_Exercise:_ Restate word for word the entries below, starting at the line with "전시는 27일까지다. 02-720-5789" and ending at the line with "1943 WW2 Guerrilla". Keep both end lines and omit the pictures.

----- Raw data

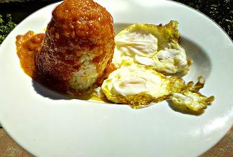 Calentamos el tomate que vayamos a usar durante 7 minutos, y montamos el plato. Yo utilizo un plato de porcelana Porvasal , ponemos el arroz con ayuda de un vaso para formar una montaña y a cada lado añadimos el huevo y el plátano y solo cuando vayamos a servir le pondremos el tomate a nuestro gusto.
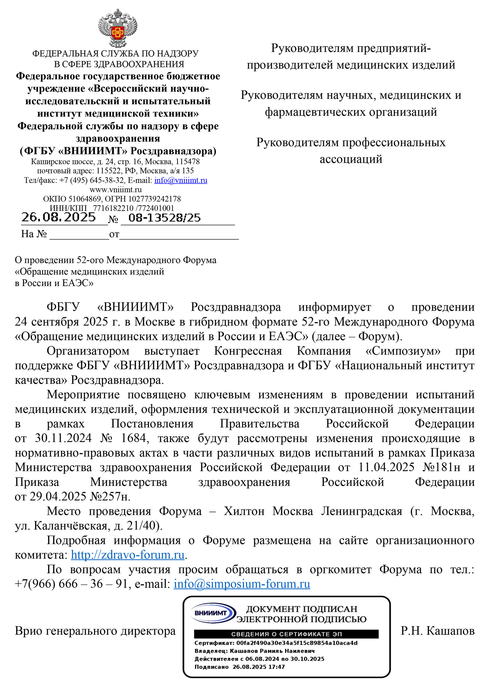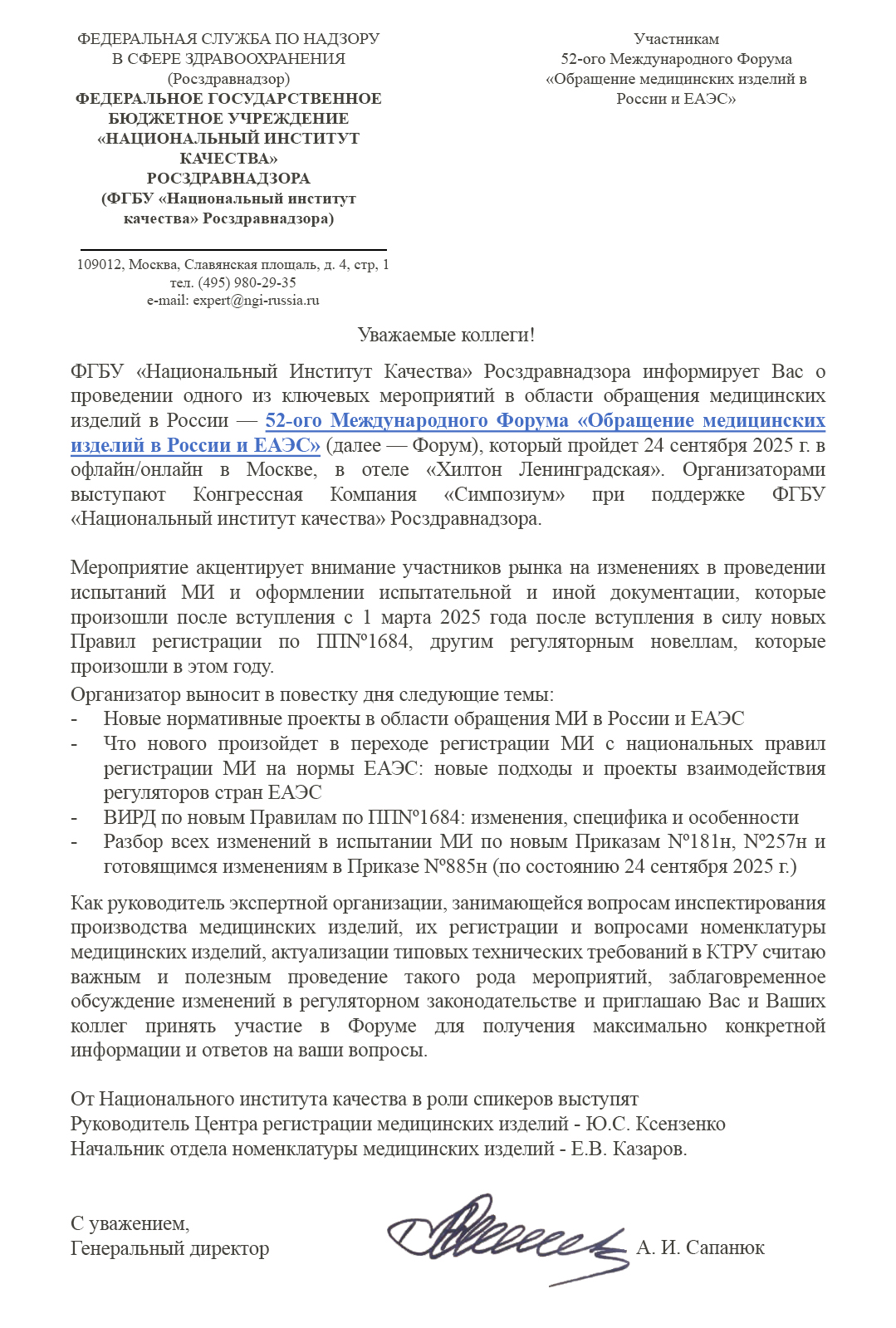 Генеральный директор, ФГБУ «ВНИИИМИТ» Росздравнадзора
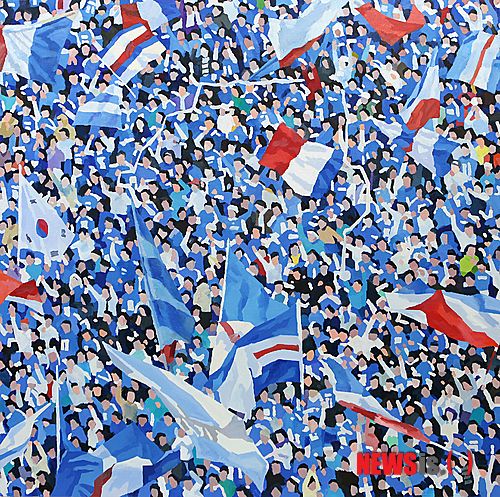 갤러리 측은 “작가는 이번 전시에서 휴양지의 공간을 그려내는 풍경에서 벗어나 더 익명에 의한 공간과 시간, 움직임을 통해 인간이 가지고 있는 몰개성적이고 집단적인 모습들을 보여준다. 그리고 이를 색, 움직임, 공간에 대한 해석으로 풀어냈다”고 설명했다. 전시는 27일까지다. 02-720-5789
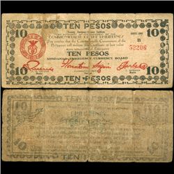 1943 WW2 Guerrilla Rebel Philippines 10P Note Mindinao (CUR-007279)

----------
----- Raw data

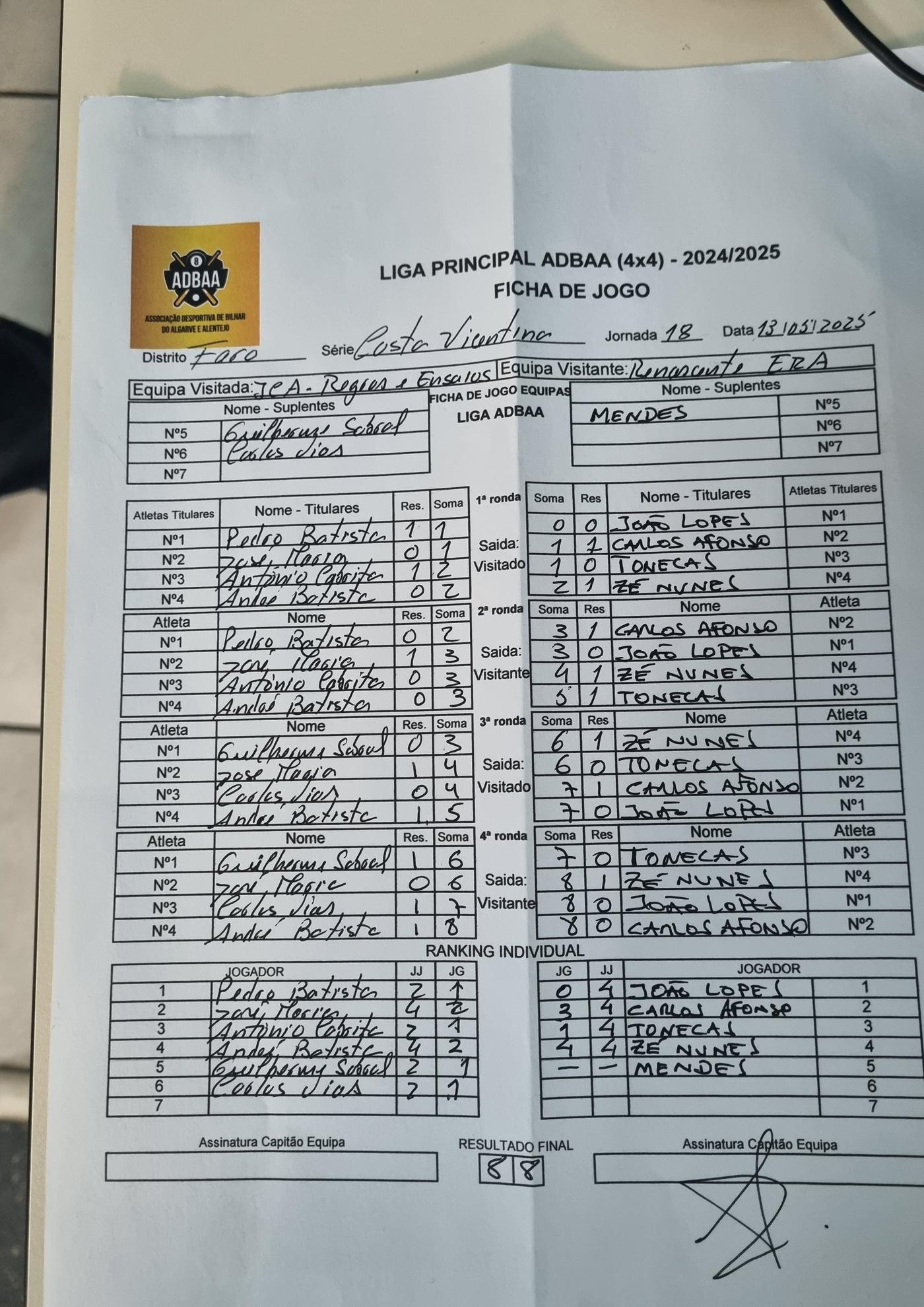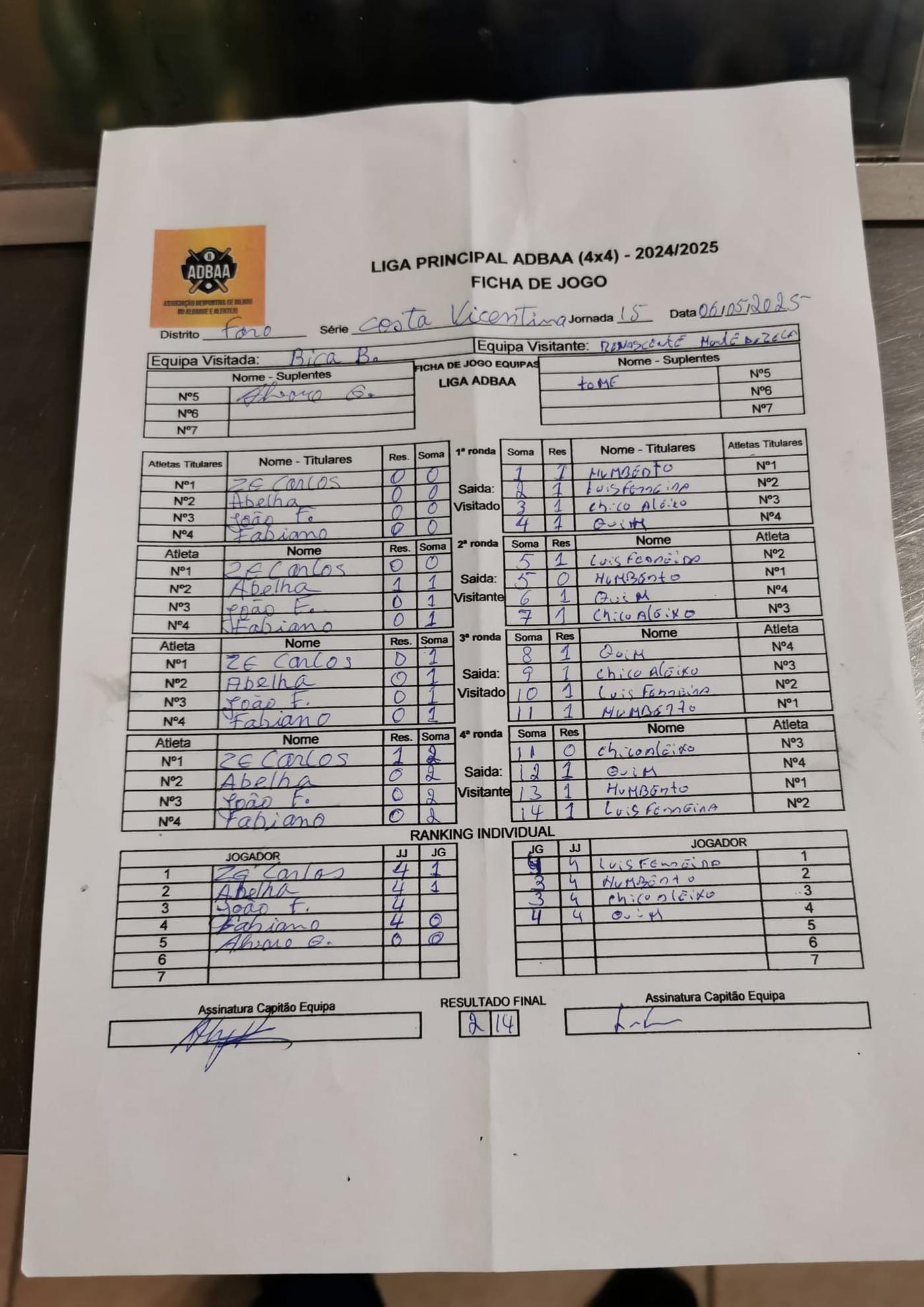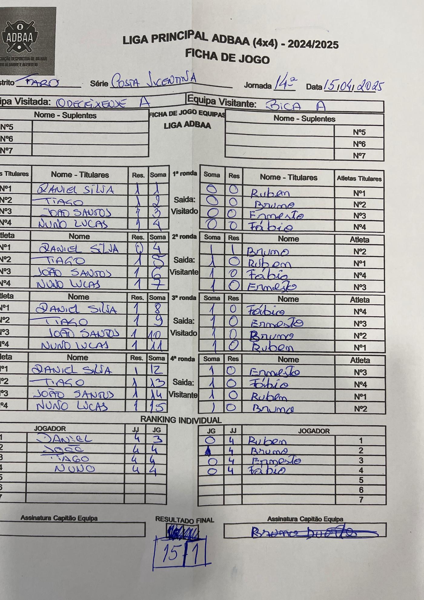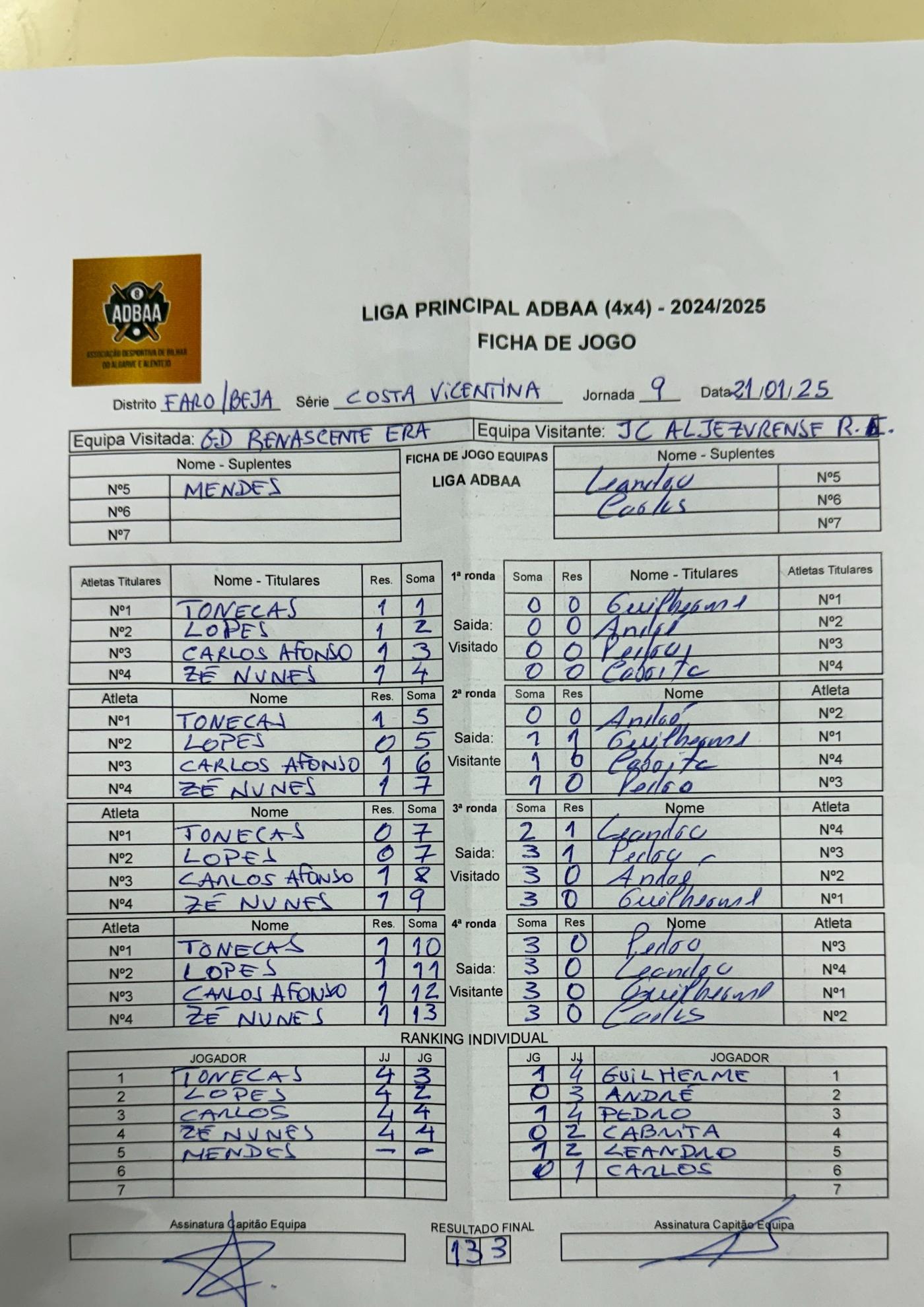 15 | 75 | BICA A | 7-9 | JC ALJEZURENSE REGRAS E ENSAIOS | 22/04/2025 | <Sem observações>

----------
----- Raw data

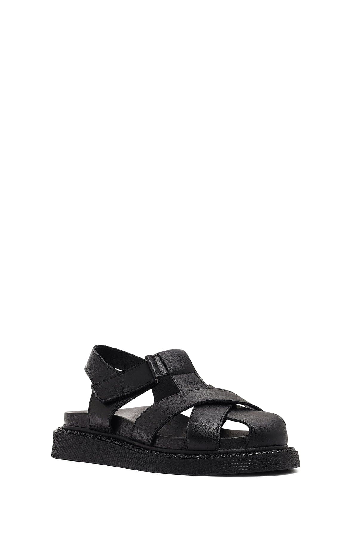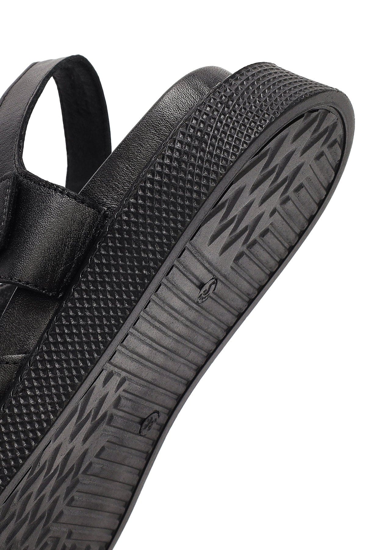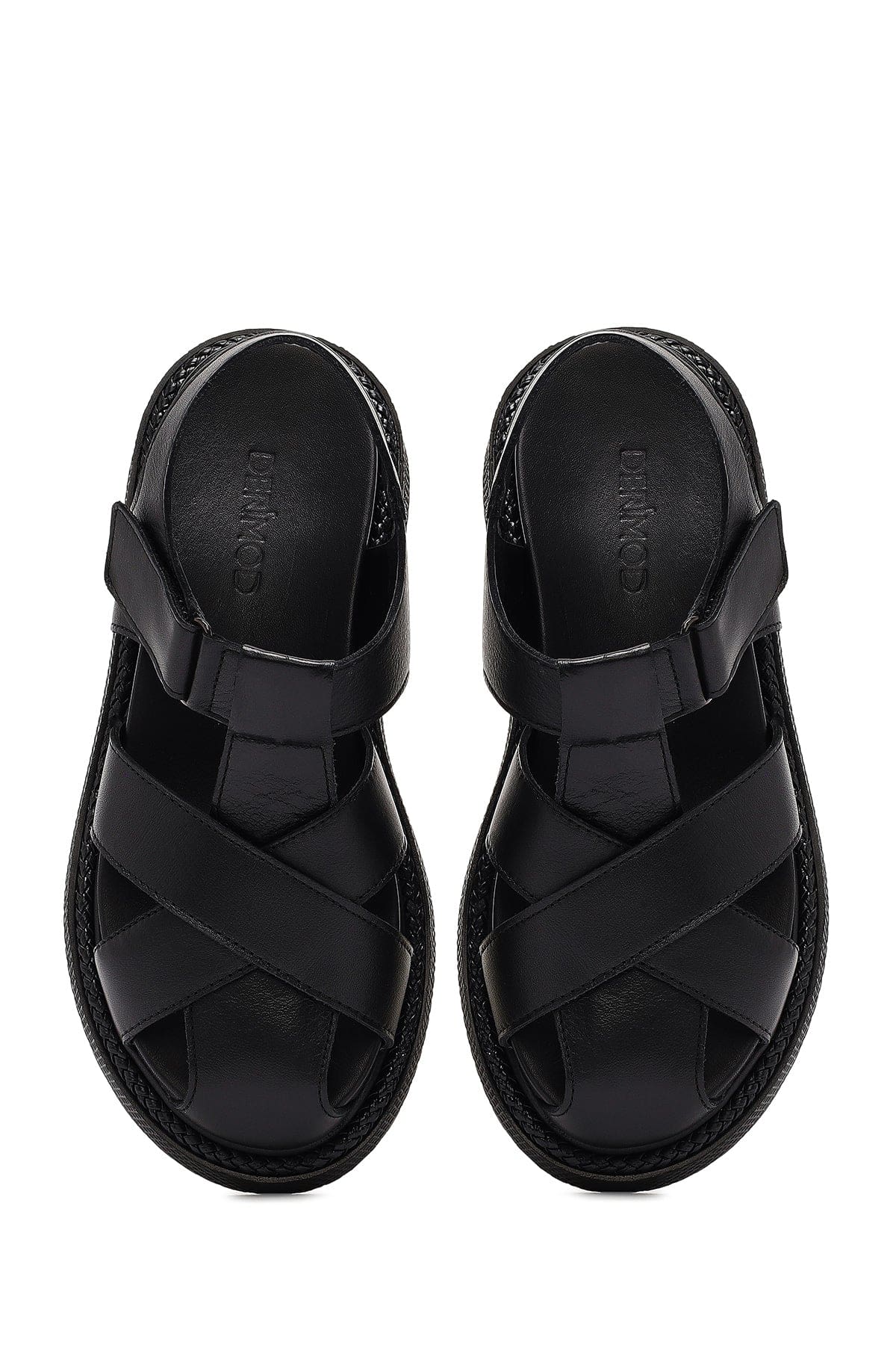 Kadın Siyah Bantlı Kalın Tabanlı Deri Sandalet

----------

_Written response:_
 갤러리 측은 “작가는 이번 전시에서 휴양지의 공간을 그려내는 풍경에서 벗어나 더 익명에 의한 공간과 시간, 움직임을 통해 인간이 가지고 있는 몰개성적이고 집단적인 모습들을 보여준다. 그리고 이를 색, 움직임, 공간에 대한 해석으로 풀어냈다”고 설명했다. 전시는 27일까지다. 02-720-5789
 1943 WW2 Guerrilla Rebel Philippines 10P Note Mindinao (CUR-007279)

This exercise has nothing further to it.